La mare aux hérons

petisaintleu

Suite "Des contrées lointaines". Libre inspiration d'après le tableau de Charles-François D'Aubigny.

Il n'était pas un spécialiste de la biocénose. En approchant de la mare, il crut à des flamants roses, desservi par sa myopie, sa méconnaissance ornithologique et les pattes grêles qui lui firent penser à sa grand-tante Geneviève. Le ciel était bas, plombé de nuages. La frondaison des chênes bordant le point d'eau laissait espérer, avant qu'elle ne s'évanouisse, une rémanence de quelques jours meilleurs, qu'ils ne lutteraient pas éternellement contre les intempéries. L'arbre, au premier plan, le ramena à la réalité de sa pérégrination pastorale. Lui aussi pourrissait, les deux tiers du tronc sous les eaux, cerné par le fluide vital qui, à trop l'embrasser, l'étouffait.
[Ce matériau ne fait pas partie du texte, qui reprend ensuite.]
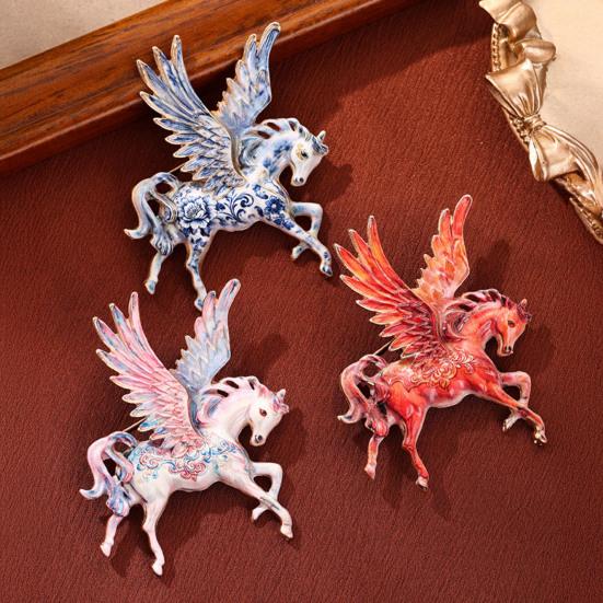 Художественный дизайн летящей лошади: Эта брошь, изображающая динамично скачущую лошадь с яркими, выразительными глазами, воплощает элегантность и смелость, не будучи при этом показной.. Сложная детализация подчеркивает грациозную форму лошади, символизируя свободу, гибкость и артистический дух.. Он добавляет изысканный и романтичный шарм любому наряду.
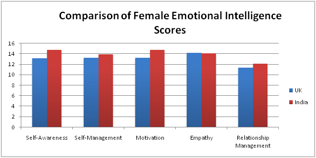 Chart 4 Emotional Intelligence score differences between Female United Kingdom and Indian teacher practitioners.
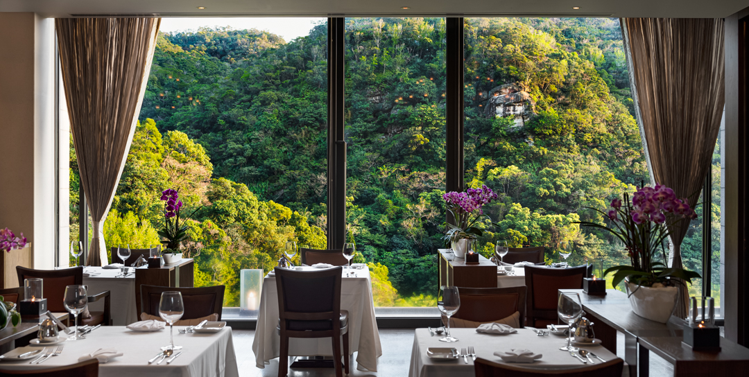 北投麗禧溫泉酒店歐陸餐廳的戶外景色宜人,為餐廳帶來視野寬闊的用餐體驗。
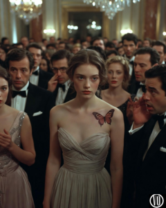 Her dress — technically borrowed — fit a little too snug across her shoulders. The silk wasn’t new; you could tell if you looked closely. But Lily stood straight anyway, chin lifted just enough to pretend the whispers didn’t reach her ears.
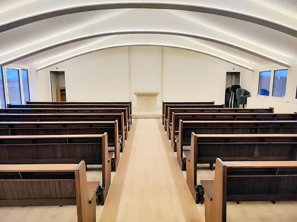 P. Joachim: Der Raum war schon vorhanden und diente in der ehemaligen Hotelfachschule als Prüfungsraum. Wir haben zunächst das Dach wärmeisoliert, Lecks in der Fußbodenheizung repariert und anschließend den Altarraum, die Decke und den Boden gestaltet.
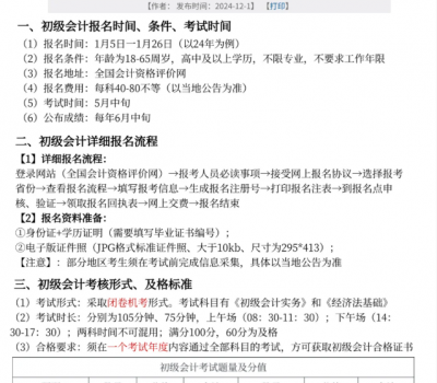 繼續教育:部分省市可能要求考生具有相應的會計繼續教育記錄年限。例如,本科學歷報考可能至少需完成3年會計繼續教育,大專學歷至少4年。
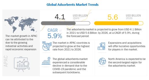 The global adsorbents market size is estimated to grow from USD 4.1 billion in 2021 to USD 5.6 billion by 2026, at a CAGR of 5.9% during the forecast period. The driving factors for the adsorbents market is the industry growth is backed by the large-scale developments in oil & gas processing and socio-economic advancements such as the increased use of adsorbents in maintaining purity standards in various applications and because of environmental concerns.
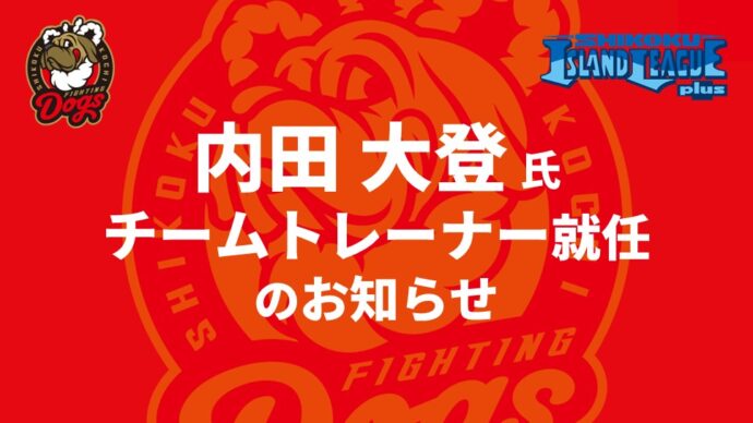 高知ファイティングドッグス球団では、2026年シーズンのチームトレーナーに内田大登氏の就任が決まりましたので、お知らせいたします。
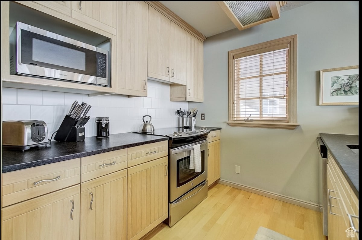 Acogedor apartamento de 1 dormitorio con acceso directo a las pistas de esquí (con zona de descanso) en el corazón de la estación de esquí de Solitude (ubicada en Big Cottonwood Canyon). Este apartamento de más de 800 pies cuadrados es uno de los apartamentos de 1 dormitorio más grandes de la propiedad. Es la escapada de montaña ideal, con acceso al Solitude Club, que incluye: jacuzzi, piscina climatizada, gimnasio, salas de juegos y películas. ¡A poca distancia a pie de cuatro establecimientos de comida/bebida y la mejor nieve del mundo! Para las estancias de verano, hemos añadido dos unidades de aire acondicionado.
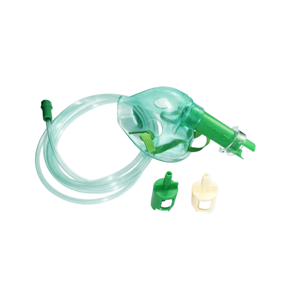 Oximask™ – Mascarilla de Oxígeno para Paciente Traqueostomizado Oxigenoterapia precisa y adaptable con múltiples concentraciones Oximask™ es una mascarilla de oxígeno tipo Venturi, especialmente diseñada para pacientes traqueostomizados que requieren oxigenoterapia controlada. Disponible en versiones para adultos y pediátricos, Oximask™ permite administrar oxígeno en 7 concentraciones diferentes (24 %, 26 %, 28 %, 30 %, 35 %, 40 %, 50 %) gracias a sus conectores codificados por color (verde para bajas concentraciones y marfil para altas). Fabricada en PVC blando anatómico, cuenta con una pieza nasal y elástico ajustable que proporcionan mayor comodidad al paciente. Su tubo de conexión de 2 metros, flexible y anti-colapsable, garantiza un suministro continuo y seguro de oxígeno. Características y beneficios: • 7 concentraciones de oxígeno tipo Venturi (bajas y altas) • Disponible para pacientes adultos y pediátricos • Carilla anatómica suave que se adapta cómodamente al rostro • Pieza nasal y cinta elástica ajustable • Tubo de 2 metros anti colapsable incluido • Libre de látex .
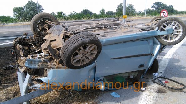 Ο οδηγός του αυτοκινήτου έχασε τον έλεγχο του οχήματος το οποίο προσέκρουσε με δύναμη στις προστατευτικές μπάρες με αποτέλεσμα να ανατραπεί.
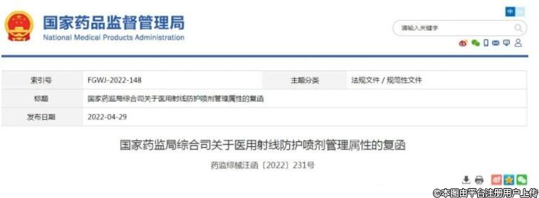 国家药监局:医用射线防护喷剂按第二类医疗器械管理
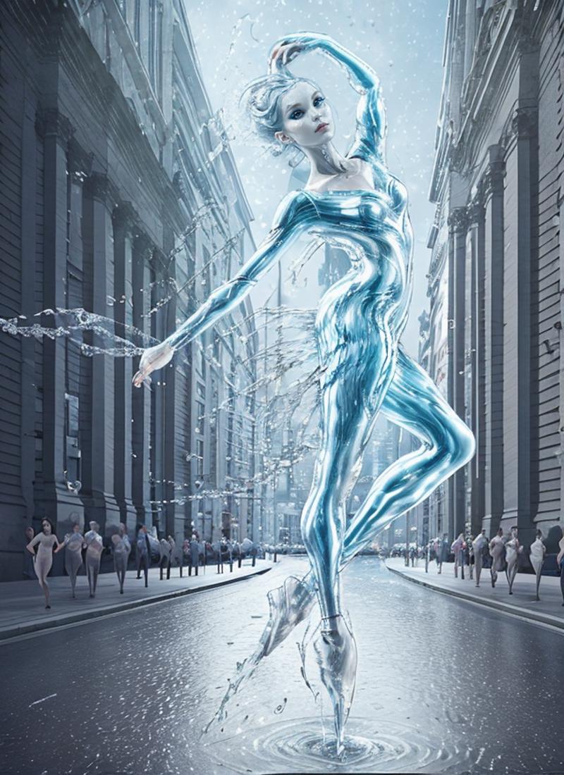 Make sure and always include the word water elemental somewhere in the prompt. For people always preface the subject with water elemental, example "water elemental man walking", "water elemental girl playing in the backyard", etc...
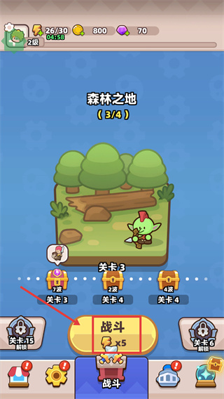 1、在【森林之地-3/4】界面,消耗【5-閃電】點(diǎn)擊【戰(zhàn)斗】按鈕,開(kāi)啟對(duì)應(yīng)關(guān)卡的挑戰(zhàn),推進(jìn)關(guān)卡進(jìn)度。
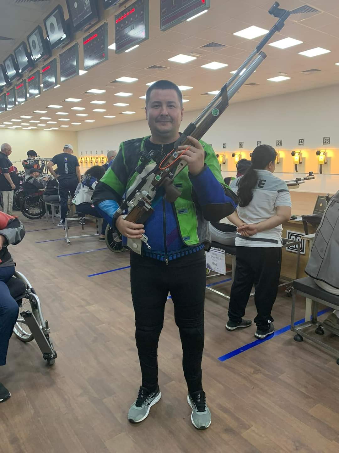 Черкащанин Олександр Денисенко приніс Україну вже другу медаль, яку здобув на чемпіонаті світу з кульової стрільби серед спортсменів з ураженням опорно-рухового апарату. Змагання проходять в ОАЕ. Про це інформують на сторінці «Інваспорт Черкаси». Команда у складі Дорошенка Андрія, Стоєва Юрія, Денисенка Олександра виборола «срібло» чемпіонату світу у вправі R1 (пневматична гвинтівка стоячи, 10 м, 60...

À quarante-neuf ans, Jean sentait que ses forces s'étiolaient. Il n'ambitionnait pas de vivre indéfiniment. La soixantaine lui semblait être un objectif satisfaisant. Il ne souhaitait pas prolonger à l'infini sa goutte et ses rhumatismes. Le docteur diagnostiqua une hydropisie et lui apprit qu'il survivrait deux ans au maximum. Il ne s'en indigna pas.

Sa laideur, reliquat d'une série de maladies infantiles qui métamorphosaient son visage en un paysage de crevasses, de croûtes se refusant d'abdiquer et de plaques rougeâtres, ne lui donna pas la faculté de trouver l'âme sœur. Il vadrouilla entre son commerce de ferraillerie et le Louvre. Sa boutique, implantée rue des Franc-Bourgeois, lui offrait le loisir d'arpenter les galeries du musée. Au fil des ans, il acquit une indéniable renommée. Les gardiens se ravissaient de sa présence, cassant la mortelle monotonie de leurs va-et-vient. Les peintres amateurs se flattaient de son œil critique et avisé, prompt à apporter ses connaissances afin que leurs créations tendent au mieux vers une copie d'un maître dont ils n'auraient pas à avoir honte. Il suggéra à Eugène, son commis, de lui transmettre son négoce, moyennant une rente viagère de trois-cents francs par mois. Il accepta. C'était un juste équilibre.

Il le céda en septembre 1847. Sa destination était définie depuis plus d'un semestre. Une inextinguible nostalgie le transportait vers le bourg de sa jeunesse, Douan-la-Brezeille. La malle-poste le déposa au chef-lieu de canton en tout début de matinée. En descendant de la diligence, les exhalaisons animales qui empestaient le patelin le répugnèrent. Il s'extirpa avec soulagement de ses trente-trois heures d'enfermement entre une matrone fleurant l'ail, un marmot qui se lamentait et un notable qui s'écoutait parler. Il disposait d'une demi-journée pour louvoyer sur les sentiers et remonter les traces de son enfance. Il déguerpit de son village en 1814, arrachant le consentement de son père, désireux de se sacrifier dans l'holocauste napoléonien. Par une fortune qu'il n'avait pas choisie, plutôt timide et discret, il s'appropria un stock de casseroles hérité de son régiment dans une ultime déroute et prit la décision la plus importante de sa vie en ouvrant son bazar.

C'est au détour d'un virage que se dévoilèrent le marécage et les reliefs du massif granitique, berceau de sa famille. Il ne se remémorait pas son environnement puéril. Cet étang, ces échassiers, cette flore n'évoquaient aucune réminiscence de promenade qui aurait été les prémices de son pèlerinage le conduisant vers l'ère de rien, celle de l'innocence. Il s'assit et prit une pause-déjeuner. Frugal, il tira de sa besace un quignon de pain sur lequel il étala du saindoux puis il acheva son repas d'une pomme. Cette gourmandise se solda par une canine plantée dans la chair du fruit. Décidément, il s'impatientait de savourer ses derniers moments de relative santé. Il n'avait pas été gâté. Son corps endurait toutes les affres, suffisamment malignes pour qu'il végétât dans une désolation qu'il affrontait avec courage. Il ne se plaignait pas – auprès de qui l'aurait-il pu d'ailleurs ?  – de ces maux qui l'assaillaient dès l'aube et finissaient au coucher dans un orgasme de douleurs.

Il se releva. Une larme muette s'écrasa sur la pelouse.